The mould-breaking Nashville singer-songwriter gets a marvellous best-of
It’s easy to forget that, before the current alt.country boom opened doors for a new generation of female singer-songwriters, the position of women in country music was largely confined to decorative interpretation of the cliched hokum cranked out by Nashville’s songwriting production line. Songwriting, it seemed, was man’s work, so while the likes of Lyle Lovett and Randy Travis got to record their own material, few women were afforded similar latitude.
Carpenter was the performer who broke that particular mould. For several years, she was virtually the only female country singer who wrote her own songs?the result, perhaps, of her origins in the soft-left folk music scene of the American north-east rather than the conservative southern attitudes that dominated mainstream country music. Her literate, liberal-minded songs were greedily snapped up by women such as Joan Baez, who were otherwise starved of material with such an emotionally articulate female viewpoint. But the best interpreter of her songs has always been Carpenter herself, signalling with subtle nuances of inflection their varieties of depth and humour.
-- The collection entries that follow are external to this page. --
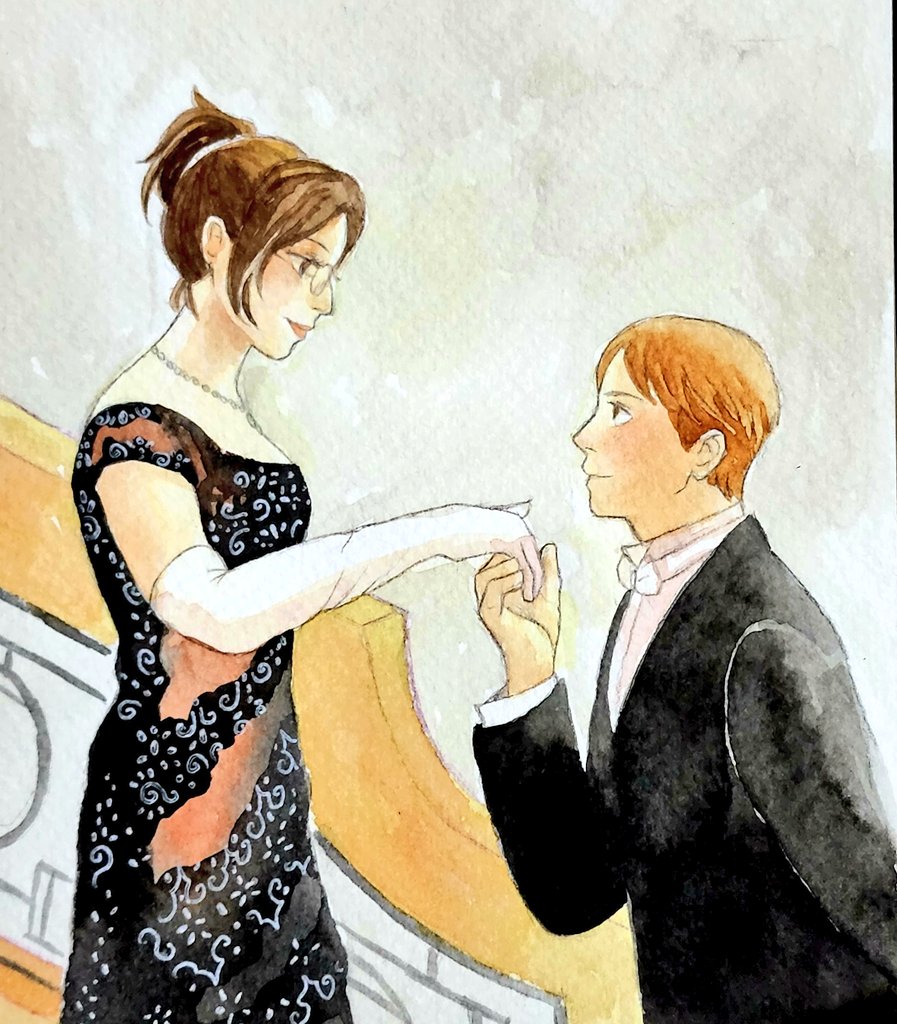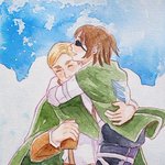 Quick drawing #erehisuweek2022 #day1 I read this Welsh mythology (?) when I was quite anglophile, here's Eren as the young man and Historia as the fairy (that story where he can recognize his love by looking at her footwear strap ^^;) #watercolor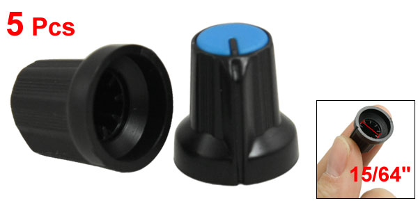 Details5 Pcs Knurled Grip 6mm Shaft Hole Dia Potentiometer Knobs Black Blue  Product Name Potentiometer Control Knob Knob Top Diameter 10mm / 0.39" Knob Base Diameter 15mm / 0.59" Shaft Insert Diameter 6mm / 15/64" Knob Total Height 15.5mm / 0.61" Material Plastic Main Color Black, Blue Weight 9g Package Included 5 x Potentiometer Control Knob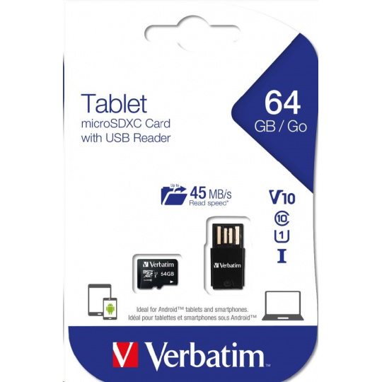 VERBATIM Tablet microSDHC C10/U1 s USB čítačkou 64GB (R:70MB/s, W:10MB/s)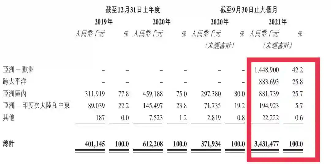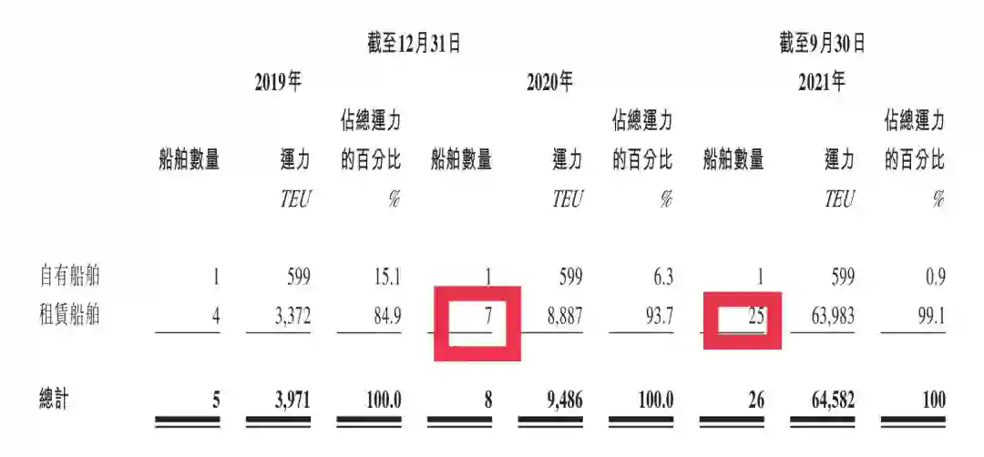 具体来说,其船舶数量从2020年的8艘增长到2021年9月的26艘,再到递交招股书时的33艘;运力也从2020年底的1.85万TEU(Twenty-feet Equivalent Unit,是以长度为20英尺的集装箱为国际计量单位)增长到近30万TEU,翻了15倍;航线拓展方面,增加亚洲—欧洲、跨太平洋的远洋航线,为了可以把货送到受供应链断裂影响更大的地方。

The largest part of this compilation comes from 1992’s Come On, Come On, the album that broke her to a mainstream audience through Grammy-winning country hits like (Lucinda Williams’) “Passionate Kisses”, the wry “I Feel Lucky” and especially the anthemic instant classic “He Thinks He’ll Keep Her”, about an ignored wife pining for affection. Her signature piece, however, is probably the title track of 1994’s Stones In The Road, one of several songs here dealing perceptively with the passage from youth to maturity. It’s a theme she returned to in “The Long Way Home” from her most recent album, 2001’s Time*Sex*Love, a more jaundiced look back at the careerist era “when everybody had to go, had to be, had to get somewhere” but in the process forgot where they came from, and why they were going anywhere in the first place. Not so Carpenter herself, whose work profits from a more considered, ruminative process. As she observes here, in a line that could serve as her own motto, it’s “accidents and inspiration [that] lead you to your destination”.